A bacteria traditionally resident in human intestines, C. difficile poses a threat of rapid spread, particularly in situations involving close contact between patients and healthcare workers. An investigation involving comprehensive culture tests alongside single nucleotide polymorphism (SNP) analysis through draft whole-genome sequencing (WGS) has revealed previously unnoticed transmissions within hospital wards. These unnoticed transmissions were predominantly traced back to cases involving rampant room changes and multiple patient admissions.
By utilizing WGS-measured modes of analysis to closely monitor transmission rates of C. difficile, healthcare professionals can devise effective strategies for managing infection control. From the study, 38 strains were classified into 11 sequence types (STs), with ST81, ST183, and ST17 ranking as the most prevalent. Specifically, clusters of strains linked to Suspected Nosocomial Transmission (SNT) were unveiled through SNP analysis. Draft WGS, in its part, identified five clusters collectively encompassing 16 out of 38 strains.
In a bid to unravel C. difficile’s patterns of transmission within a given healthcare facility, researchers dig into its genetic relationships through the employment of draft WGS and an analysis of SNPs found in the core genome. Supplementing this effort is data on patients’ hospital wards and histories of room changes.

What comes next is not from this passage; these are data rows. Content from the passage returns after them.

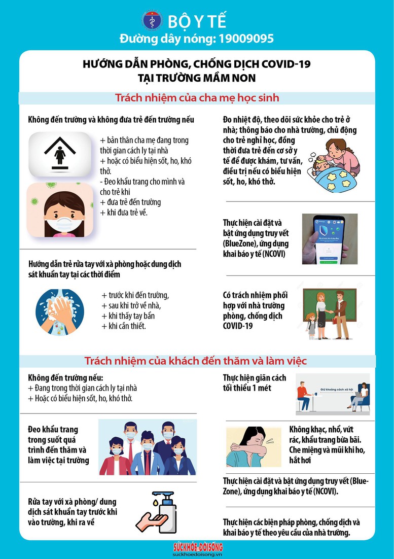 Cụ thể như trách nhiệm của Ban giám hiệu được yêu cầu như: Tổ chức đo thân nhiệt trước khi vào trường đối với học sinh, giáo viên, người lao động tại trường, cha mẹ học sinh vào trường, khách đến thăm và làm việc; thực hiện khai báo y tế đối với các trường hợp có biểu hiện sốt, ho, khó thở. Bố trí người đón và giao trẻ tại cổng trường; hạn chế người ra vào trường; hạn chế tiếp xúc giữa học sinh các lớp với nhau. Phân công thực hiện vệ sinh, khử khuẩn bằng hóa chất khử khuẩn hoặc chất tẩy rửa thông thường...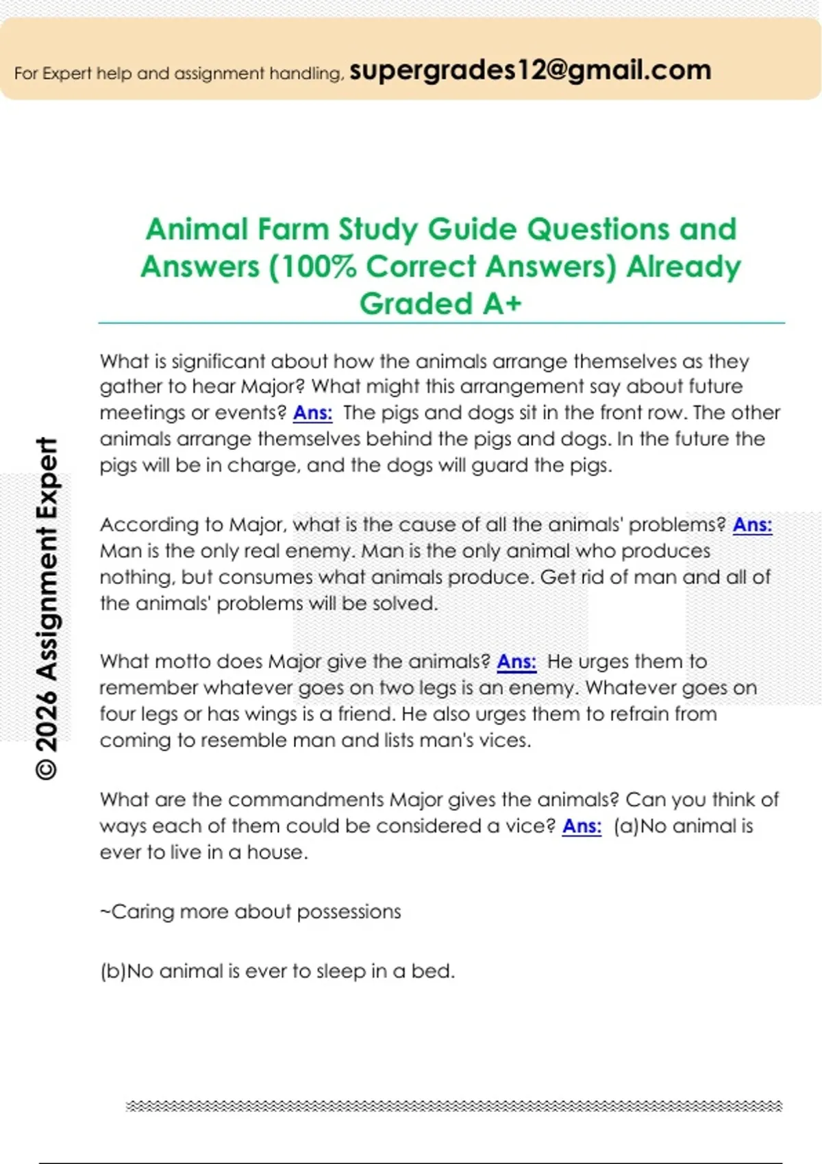 Animal Farm Study Guide Questions and Answers (100% Correct Answers) Already Graded A+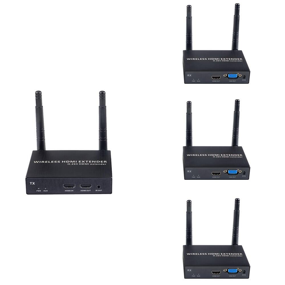 200M/656FT 1080P Wireless HDMI Transmitter(TX) & 3x HDMI+VGA Receivers(RX) Kit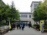 玄関でチケット切りとパンフレットの配布、花束などの受付を行いました。
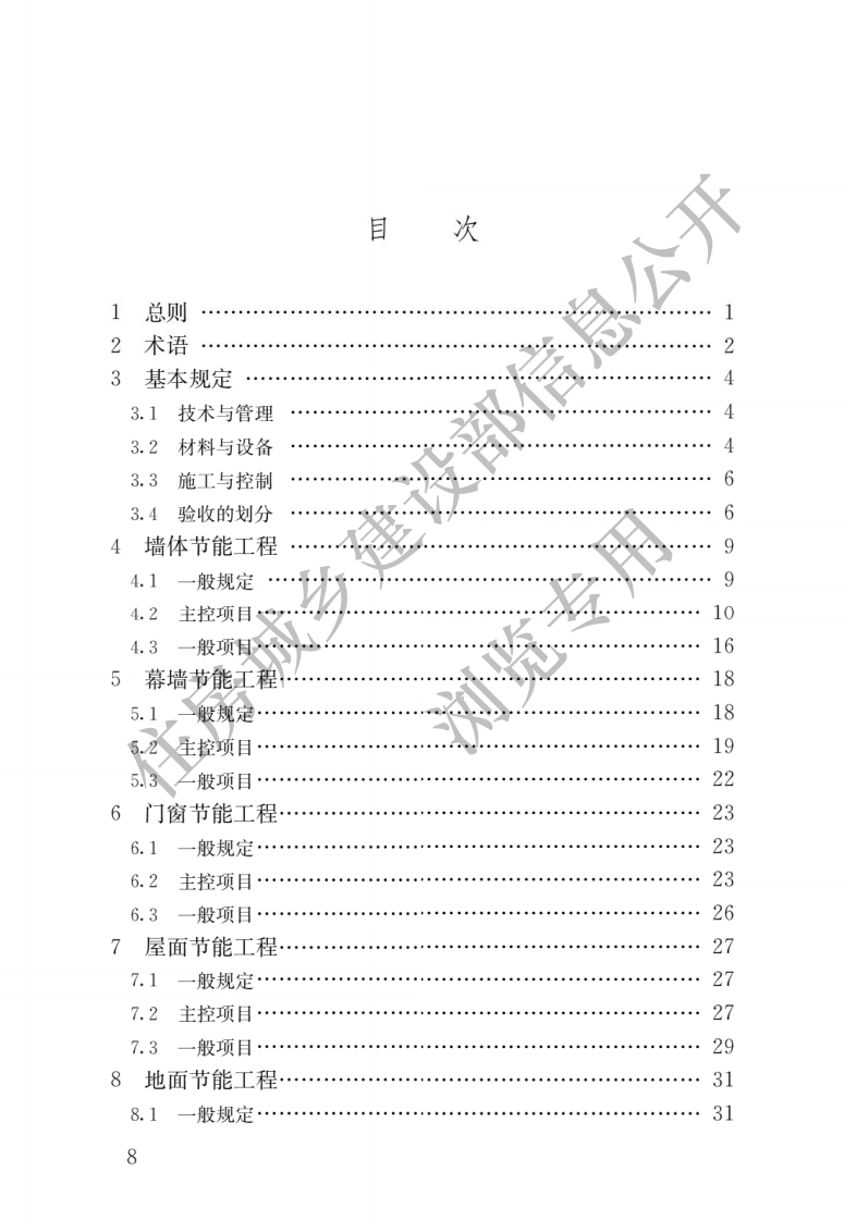 前言根据住房和城乡建设部《关于印发〈2010年丕程建设标准规范制订、修订计划〉的通知》(建标[2010]43号)的要求,标准编制组经广泛调查研究,认真总结实践经验,参考有关国际标准和国外先进标准,并在广泛征求意见的基础上,修订了本标准。本标准的主要技术内容是:。总则;2.术语;3.基本规定;4.墙体节能工程;5幕墙节能工程;6.门窗节能工程:7.屋面节能工程;8.地面节能工程;9.供暖节能①程,10.通风与空调节能工程:11,空调与供暖系统冷热源及管网节能工程;12.配电与照明节能工程;13.监测与控制节能工程;14.地源热泵换热系统节能工程;15.太阳能光热系统节能工程;16.太阳能光伏节能工程;17.建筑节能工程现场检验;18.建筑节能分部工程质量验收等。一日本标准修订的主要技术内容是:1.增加3章:1)地源热泵换热系统节能工程;2)太阳能光热系统节能工程;3)太阳能光伏节能工程。2.增加4个试验方法:1)保温材料粘贴面积比剥离检验方法;2)保温板材与基层的拉伸粘结强度现场拉拔试验方法:3)保温浆料导热系数、干密度、抗压强度同条件养护试验方法;4)中空玻璃密封性能检验方法。3.增加了以下内容:4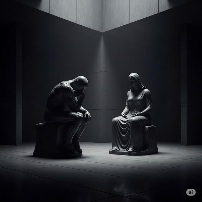 These two primordial experiences were recognized as the twin aspects of their silent godhead: Vidu, the Thinker, who embodies the clarifying power of deep contemplation, and Seda, the Sitter, who embodies the grounding strength of pure presence. The Boian people believe that all progress, from crafting a tool to building a city, can only be achieved by honoring this duality. First, one must sit in stillness with a problem (the Way of Seda), allowing the chaos to settle. Only then can one engage in focused thought to find the solution (the Way of Vidu). To act without thought is chaos; to think without being grounded is madness.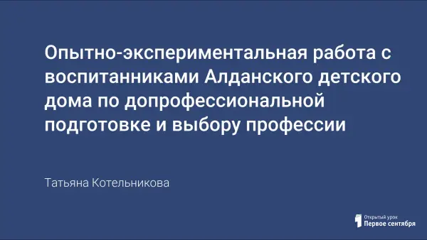 Исследования опытно-экспериментальной работы проведены с воспитанниками 9-х классов Алданского детского дома. Работа проведена с формирующей и контрольной группами по экспериментальной программе «Допрофессиональная подготовка и социально-трудовая адаптация в условиях социализации воспитанников». Использованы интегрированные занятия со специалистами, встречи с людьми разных профессий. Воспитанники имели возможность опробовать свои силы и способности в различных профессиональных сферах.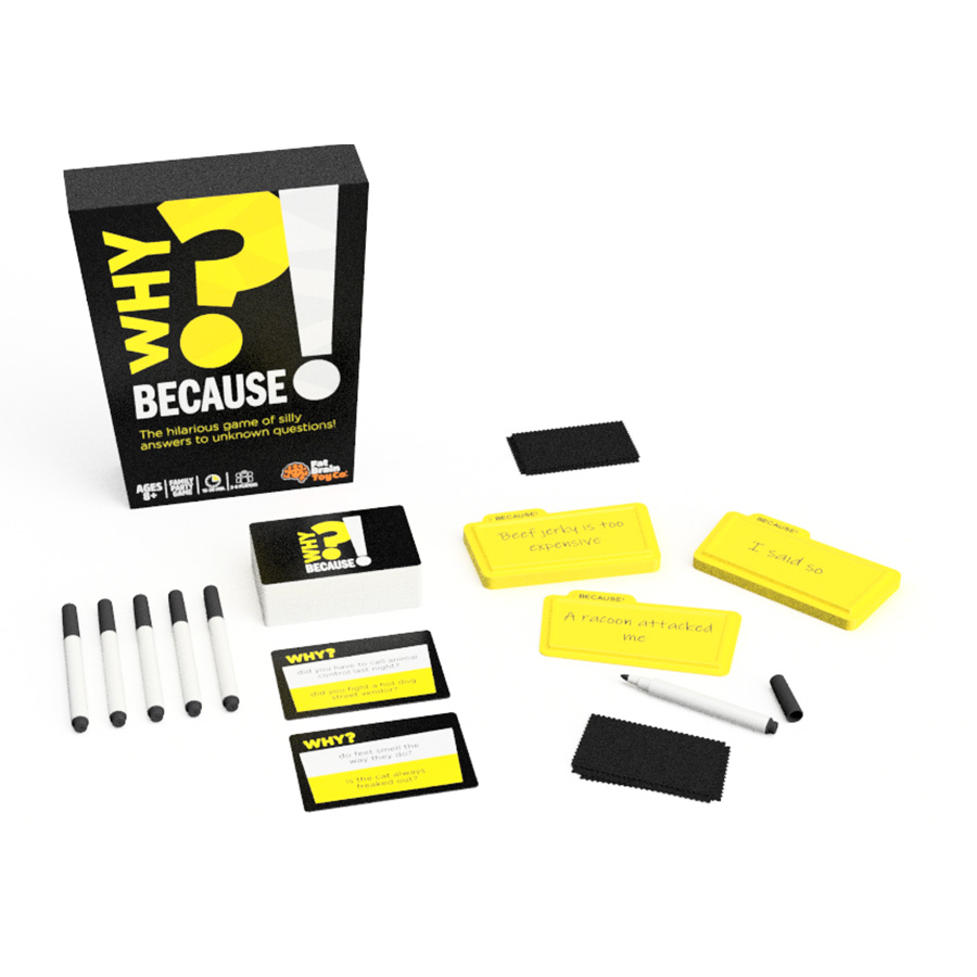 Product Description: Why should you play this game? Because Uncle Fritz’s gerbil farm went bankrupt! In this rib-tickling card game, players come up with absurd, silly, and outrageous “because” answers to match with randomized question cards. First, the judge reads a question aloud. Next, all the other players play one of their pre-written “because” answers. Then, the judge picks their favorite answer. If your “because” gets picked, you get a point! Challenge your creativity and get everyone giggling with the hilarious game of Why Because!

Despite its insightful findings, the study is not devoid of limitations. Primarily it being single-center and retrospective in nature, the scope of its focus limited to nosocomial transmission of C. difficile. Among other factors not considered are data on C. difficile infection (CDI) or antimicrobial use, screening records for asymptomatic patients sharing a room with CDI patients, and an assessment of silent transmission’s impact on infection control and healthcare expenses. Further, only the first strain isolated from each patient underwent analysis, potentially overlooking instances of patients harbouring multiple genetically distinct strains of C. difficile.
Despite these limitations, the study, much like the CDC’s use of WGS, plays into the enhancement of detection of minor outbreaks and puts a spotlight on the problem of underreporting. Overall, both studies solidly advocate for the fundamental part genomic methods play in bolstering infection control and handling infections. They also underscore the pressing need for innovation in executing public health practices.